▸ **Task directions**: The following entries are to be repeated exactly, and the pictures are to be left behind.

▸ **Given entries**:
[Start of Attachment]

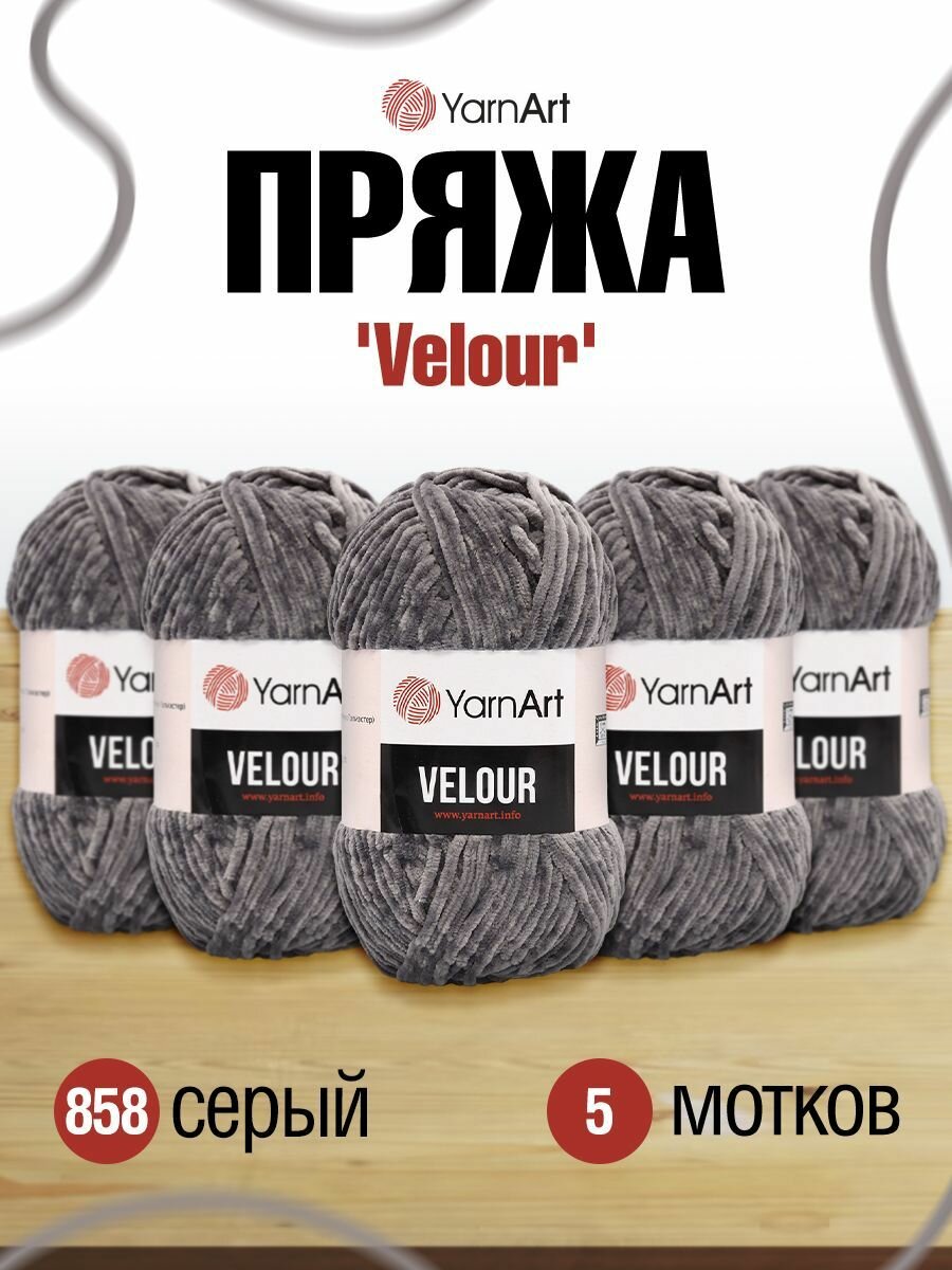 Пряжа для вязания YarnArt 'Velour' 100г 170м (100% микрополиэстер) (858 серый), 5 мотков информация:
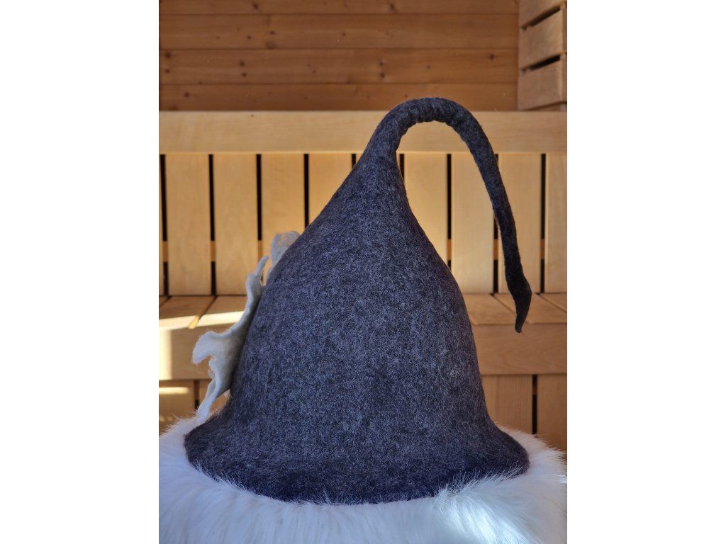 Originální saunový klobouk z 100% přírodní ovčí vlny, vytvořený tradiční ruční technikou. Poskytuje vynikající ochranu hlavy při saunování a zároveň si udržuje svůj tvar díky pevnějšímu, kvalitně zpracovanému materiálu.
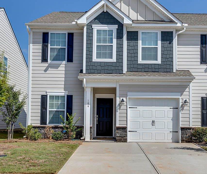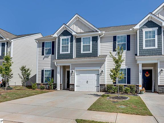 From the moment you arrive, this townhome sets the tone for easy living with lawn care included and a thoughtful design that balances comfort with style. With four bedrooms, three full bathrooms, and a one-car attached garage, it’s a home that adapts as easily to quiet evenings as it does to weekend entertaining. As you step inside, you will find an open concept main level where natural light spills across the Kitchen, Breakfast Room, and Living Room. The Kitchen is a true showstopper, with its clean white cabinetry, polished quartz countertops, stainless steel appliances, and a breakfast bar perfectly sized for morning coffee or evening conversations. The dining area sits just off the Kitchen, while the Living Room draws you toward the outdoors. Glass doors open to the patio with views of the Blue Ridge Mountains and nearby Lake Robinson which provide a stunning backdrop for you to relax and enjoy the fresh air. The Primary Suite is tucked away to the back of the main floor, offering a restful retreat. The Primary bathroom features a dreamy walk-in shower, dual sink vanity, and a walk-in closet. Also on this level, a fourth bedroom with a nearby full bath on the hall makes a versatile spot for guests or as a dedicated office. Upstairs, you will find a generous loft, two additional spacious bedrooms, and another full bathroom. This home is crisp, clean, and move-in ready, with an unbeatable location that is less than a mile from Vernon J. Robinson Park and only minutes from downtown Greer, Greenville, and Travelers Rest. Don't miss out on your chance to make this charming abode your new home. Schedule your showing today!
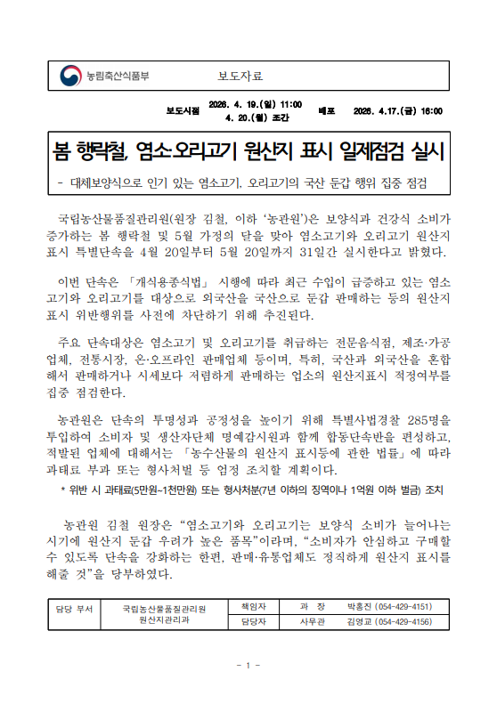 [농관원 04.20] 봄 행락철, 염소 오리고기 원산지 표시 일제점검 실시
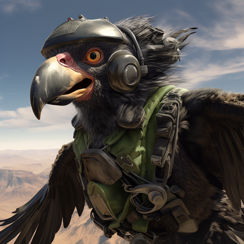 humming bird wearing aviation goggles and riding on the back of a vulture in flight, hyper realistic

[End of Attachment]

▸ **Answer**:
 Пряжа для вязания YarnArt 'Velour' 100г 170м (100% микрополиэстер) (858 серый), 5 мотков информация:
 Originální saunový klobouk z 100% přírodní ovčí vlny, vytvořený tradiční ruční technikou. Poskytuje vynikající ochranu hlavy při saunování a zároveň si udržuje svůj tvar díky pevnějšímu, kvalitně zpracovanému materiálu.
 From the moment you arrive, this townhome sets the tone for easy living with lawn care included and a thoughtful design that balances comfort with style. With four bedrooms, three full bathrooms, and a one-car attached garage, it’s a home that adapts as easily to quiet evenings as it does to weekend entertaining. As you step inside, you will find an open concept main level where natural light spills across the Kitchen, Breakfast Room, and Living Room. The Kitchen is a true showstopper, with its clean white cabinetry, polished quartz countertops, stainless steel appliances, and a breakfast bar perfectly sized for morning coffee or evening conversations. The dining area sits just off the Kitchen, while the Living Room draws you toward the outdoors. Glass doors open to the patio with views of the Blue Ridge Mountains and nearby Lake Robinson which provide a stunning backdrop for you to relax and enjoy the fresh air. The Primary Suite is tucked away to the back of the main floor, offering a restful retreat. The Primary bathroom features a dreamy walk-in shower, dual sink vanity, and a walk-in closet. Also on this level, a fourth bedroom with a nearby full bath on the hall makes a versatile spot for guests or as a dedicated office. Upstairs, you will find a generous loft, two additional spacious bedrooms, and another full bathroom. This home is crisp, clean, and move-in ready, with an unbeatable location that is less than a mile from Vernon J. Robinson Park and only minutes from downtown Greer, Greenville, and Travelers Rest. Don't miss out on your chance to make this charming abode your new home. Schedule your showing today!
 [농관원 04.20] 봄 행락철, 염소 오리고기 원산지 표시 일제점검 실시
 humming bird wearing aviation goggles and riding on the back of a vulture in flight, hyper realistic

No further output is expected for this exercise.